My new novel Skies Of Venus is now available for pre-order. Skies Of Venus is a new instalment in the “Carson Of Venus” series of scifi novels by the grandfather of sci-fi adventure, Edgar Rice Burroughs.
Burroughs’ Venus books followed the harrowing adventures of man of action and pioneering astronaut, Carson Napier – a kind of 1920’s Elon Musk – on the planet Venus, or Amtor, as its inhabitants call it. While Edgar Rice Burroughs’ Mars books depicted a dying world of wastelands and decaying cities, Venus-Amtor was rich with rain and life – hallucinatory purple forests, oceanic leviathans the size of oil tankers, spiders as big as your kitchen table whose silk was an valuable local commodity. The books laid out an array of civilizations – bird people, plant people, fish people, even amoeba people – all with a pulp political edge, including thinly disguised Soviets in the first Amtor book, Pirates Of Venus (1932), who were replaced by thinly disguised Nazis in the third book Carson Of Venus (1938).

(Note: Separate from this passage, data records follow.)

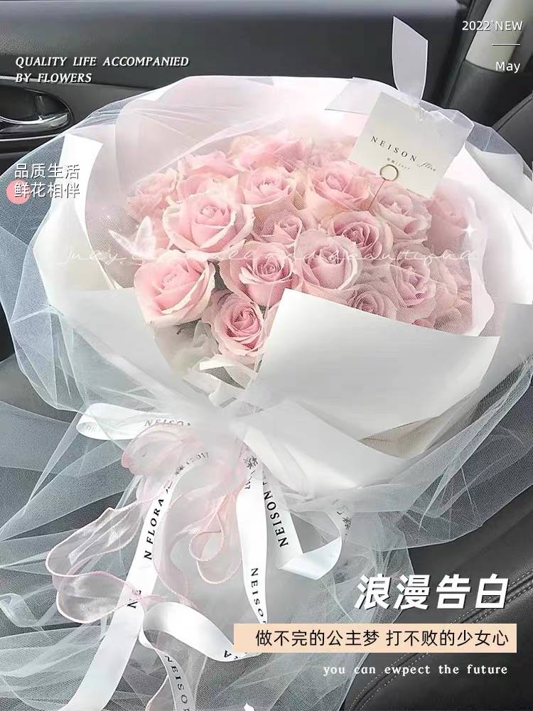99朵粉色玫瑰同城当日送达情人节七夕生日鲜花花束想和你做100件浪漫的事 从捧花见面开始
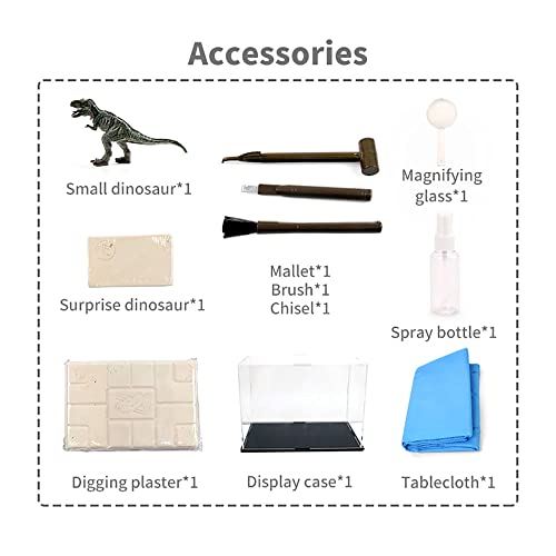 Giocattolo archeologico: il kit di scavo con dinosauri include 1 piccolo dinosauro, 1 martello, 1 pennello, 1 scalpello, 1 lente di ingrandimento, 1 flacone spray, 1 intonaco da scavo, 1 vetrina, 1 tovaglia, 1 manuale di istruzioni (vetrina) e 1 dinosauro a sorpresa.
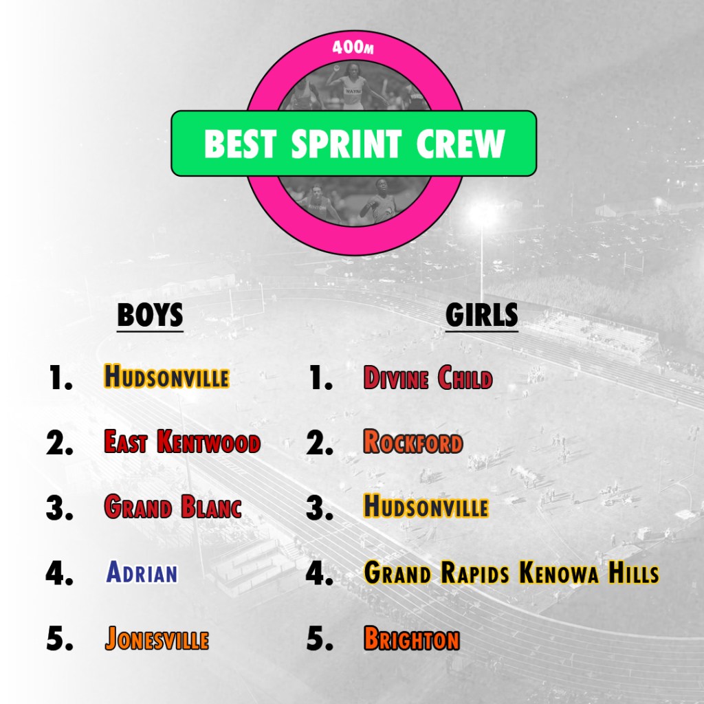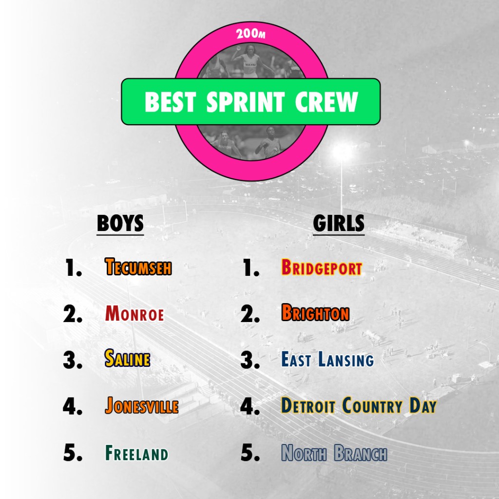 Rank Team Avg. Time 1 Tecumseh 23.35 2 Monroe 24.01 3 Saline 24.02 4 Jonesville 24.12 5 Freeland 24.14 6 Detroit Country Day 24.24 7 Portage Central 24.24 8 White Lake Lakeland 24.25 9 H.H. Dow 24.29 10 Davison 24.29 11 Detroit Catholic Central 24.44 12 Cadillac 24.5 13 Jackson 24.54 14 Flint Carman-Ainsworth 24.55 15 Swartz Creek 24.56 16 Ann Arbor Huron 24.61 17 Sparta 24.64 18 Brighton 24.68 19 Hillsdale 24.7 20 Adrian 24.78 21 Temperance Bedford 24.8 22 Linden 24.87 23 Mt. Pleasant 24.93 24 Kalamazoo Hackett 24.94 25 Ann Arbor Pioneer 24.99
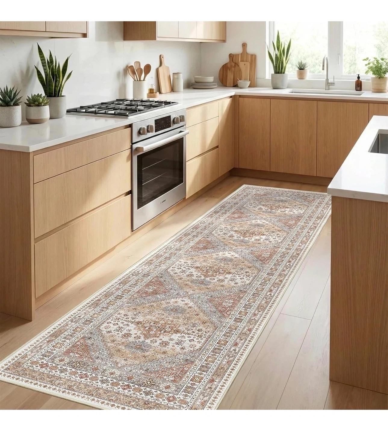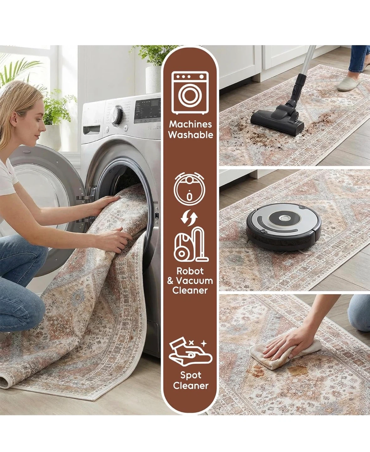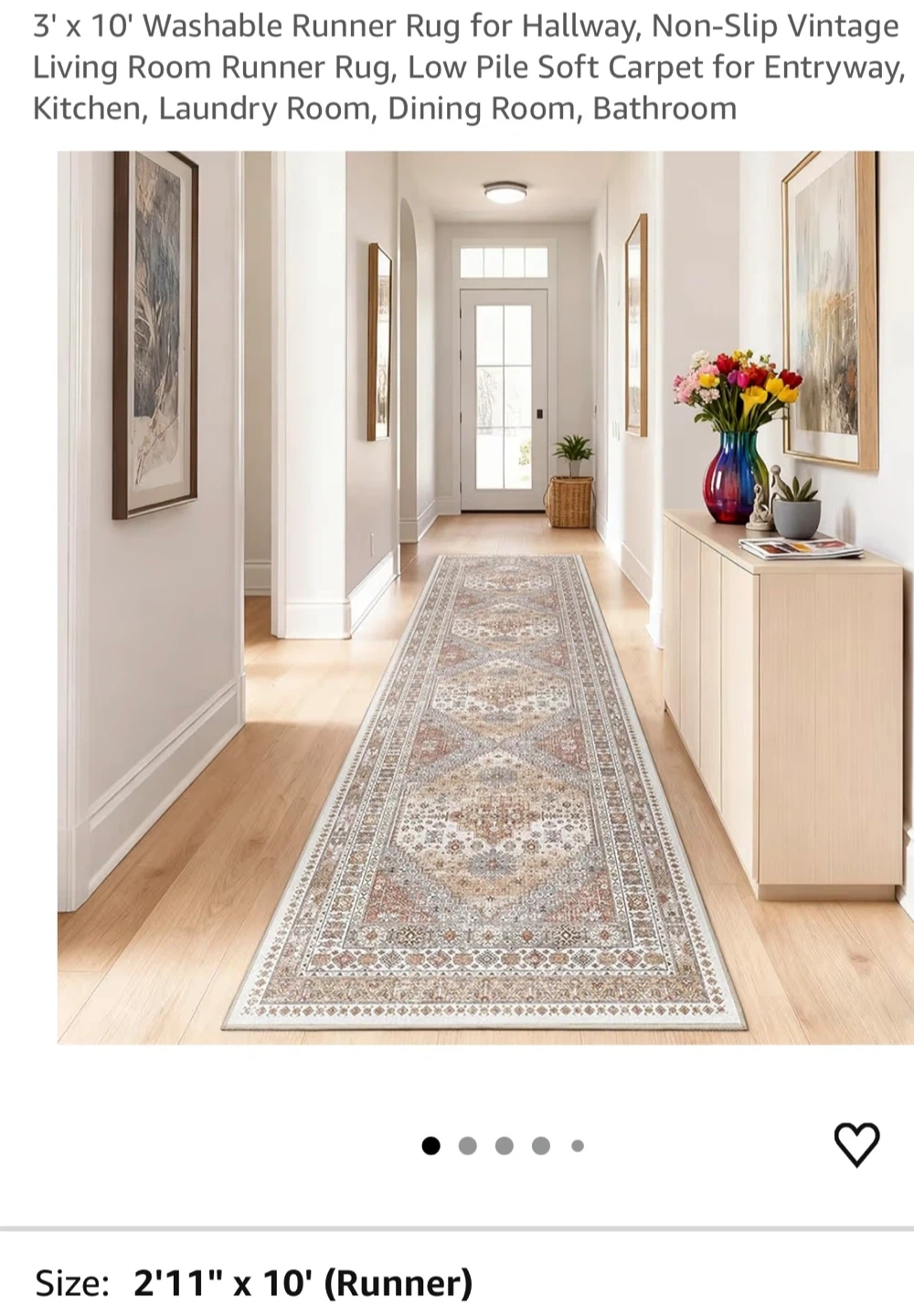 This vintage-style runner rug measures 2'11" x 10'. It's machine washable and features a non-slip backing. The low pile design makes it easy to clean with a vacuum or spot cleaner.

Skies Of Venus follows the story of a petty thief, Virgil Erath, who is sentenced to death for a crime he didn’t commit, but is granted an unexpected reprieve when he is supernaturally transported to the world of Amtor. We see this bizarre, sunless world of bat-winged warriors, grotesque monsters, and noble heroes – the iconography of classic sci-fi that Burroughs originated – through the eyes of a world-weary cynic – someone a bit like us maybe. When Virgil is face to face with Burroughs’ heroes Carson Napier and Princess Duare – now over a hundred years old, but not looking a day over thirty, thanks to one of Amtor’s herbal elixirs – he asked to step up and be a hero himself. And to bring some much needed perspective to Carson and Duare’s own failing empire.
I’ve tried to be as true to Burroughs storyworld as possible – and to use it as a springboard for broadening its possibilities, creating new things within it which I hope are faithful in spirit and tone. It’s a book about outsiders and empire, and about responsibility and courage. And it has a lot of swordfighting and rayguns in it. I can’t wait for you to read it.
We were fortunate to have Richard Hescox do the cover art for the book. Hescox is the only artist to have painted covers for all five of Burrough’s original Amtor novels. This one makes six. The book also has black and white interior illustrations by top adventure illustrator Douglas Klauba. My deep thanks to them both.
Skies Of Venus is available in special hardcover collector’s editions which will feature a bookplate signed by me and Burroughs Inc publisher James Sullos – along with Edgar Rice Burroughs own signature facsimile. It will also be available in regular hardcover and softcover additions. The book ships in November. A digital and audiobook version will follow in 2022.